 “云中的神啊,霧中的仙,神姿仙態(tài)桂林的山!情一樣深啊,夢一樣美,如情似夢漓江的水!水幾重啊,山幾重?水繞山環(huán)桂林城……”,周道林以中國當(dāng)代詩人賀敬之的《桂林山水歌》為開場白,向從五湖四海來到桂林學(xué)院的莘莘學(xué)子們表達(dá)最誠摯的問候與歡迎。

---

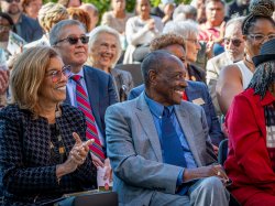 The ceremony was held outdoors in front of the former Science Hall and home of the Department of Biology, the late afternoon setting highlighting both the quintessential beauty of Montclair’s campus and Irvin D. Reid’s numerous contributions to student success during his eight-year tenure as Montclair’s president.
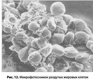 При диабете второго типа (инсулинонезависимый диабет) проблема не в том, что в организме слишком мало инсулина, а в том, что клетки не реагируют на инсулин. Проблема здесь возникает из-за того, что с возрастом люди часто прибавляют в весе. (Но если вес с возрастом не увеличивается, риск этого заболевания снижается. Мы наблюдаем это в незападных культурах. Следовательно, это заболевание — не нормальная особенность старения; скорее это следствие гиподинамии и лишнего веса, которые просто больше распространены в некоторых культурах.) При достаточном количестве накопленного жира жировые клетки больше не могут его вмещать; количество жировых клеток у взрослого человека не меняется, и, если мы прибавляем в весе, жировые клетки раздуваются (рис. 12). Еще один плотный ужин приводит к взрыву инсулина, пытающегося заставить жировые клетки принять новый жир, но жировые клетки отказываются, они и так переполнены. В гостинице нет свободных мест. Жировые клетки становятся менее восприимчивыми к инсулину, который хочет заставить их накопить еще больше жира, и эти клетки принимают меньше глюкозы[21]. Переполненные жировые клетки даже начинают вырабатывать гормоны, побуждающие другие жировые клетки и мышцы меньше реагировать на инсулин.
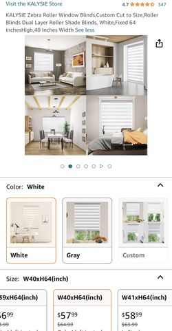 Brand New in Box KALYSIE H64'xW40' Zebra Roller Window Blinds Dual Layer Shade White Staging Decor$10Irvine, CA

**REQUIRED ACTION:** From the line holding "При диабете второго" to the line holding "Brand New in", both included, retype the entries above exactly and drop the pictures.

**TASK OUTPUT:**
 При диабете второго типа (инсулинонезависимый диабет) проблема не в том, что в организме слишком мало инсулина, а в том, что клетки не реагируют на инсулин. Проблема здесь возникает из-за того, что с возрастом люди часто прибавляют в весе. (Но если вес с возрастом не увеличивается, риск этого заболевания снижается. Мы наблюдаем это в незападных культурах. Следовательно, это заболевание — не нормальная особенность старения; скорее это следствие гиподинамии и лишнего веса, которые просто больше распространены в некоторых культурах.) При достаточном количестве накопленного жира жировые клетки больше не могут его вмещать; количество жировых клеток у взрослого человека не меняется, и, если мы прибавляем в весе, жировые клетки раздуваются (рис. 12). Еще один плотный ужин приводит к взрыву инсулина, пытающегося заставить жировые клетки принять новый жир, но жировые клетки отказываются, они и так переполнены. В гостинице нет свободных мест. Жировые клетки становятся менее восприимчивыми к инсулину, который хочет заставить их накопить еще больше жира, и эти клетки принимают меньше глюкозы[21]. Переполненные жировые клетки даже начинают вырабатывать гормоны, побуждающие другие жировые клетки и мышцы меньше реагировать на инсулин.
 Brand New in Box KALYSIE H64'xW40' Zebra Roller Window Blinds Dual Layer Shade White Staging Decor$10Irvine, CA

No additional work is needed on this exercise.